Please output every line of the material as it stands, without the pictures.

(Raw data):
───
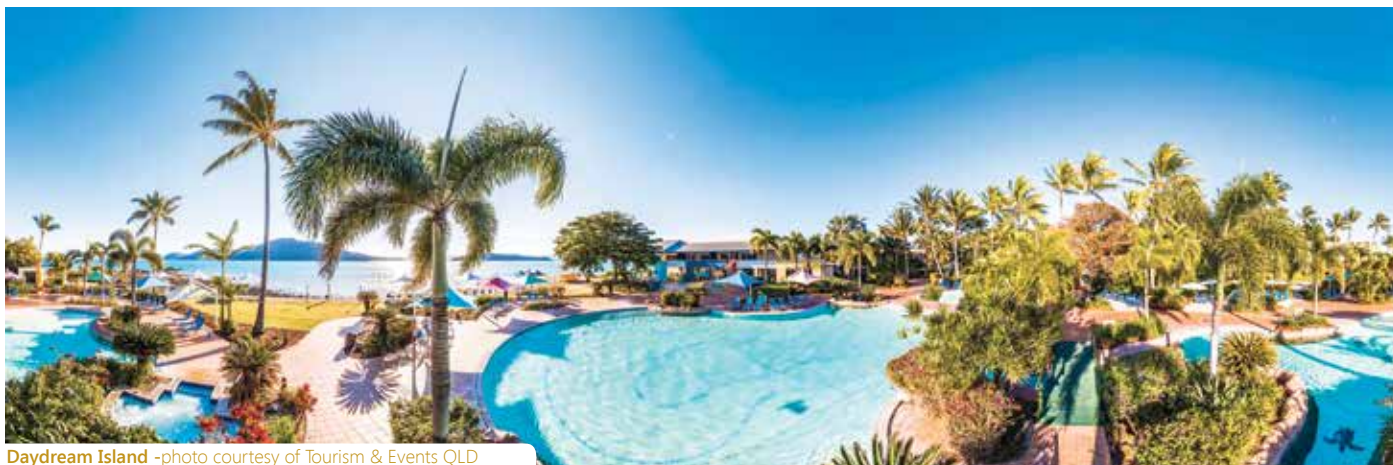
Daydream Island
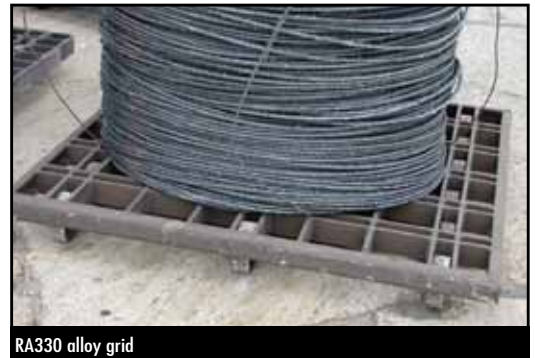
RA330 alloy grid
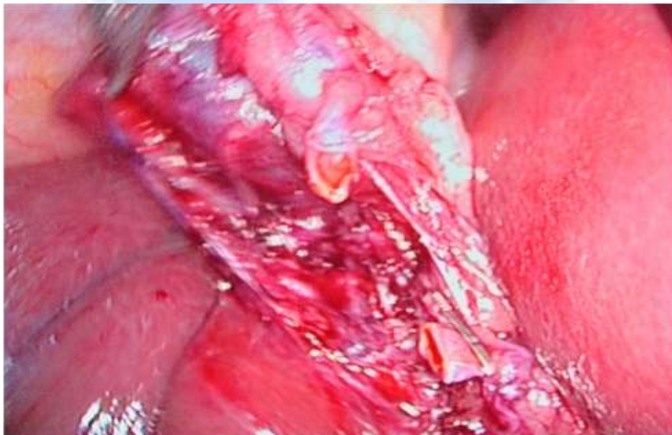
Fig 2. Showing posterior dissection
───
(Solution):
Daydream Island
RA330 alloy grid
Fig 2. Showing posterior dissection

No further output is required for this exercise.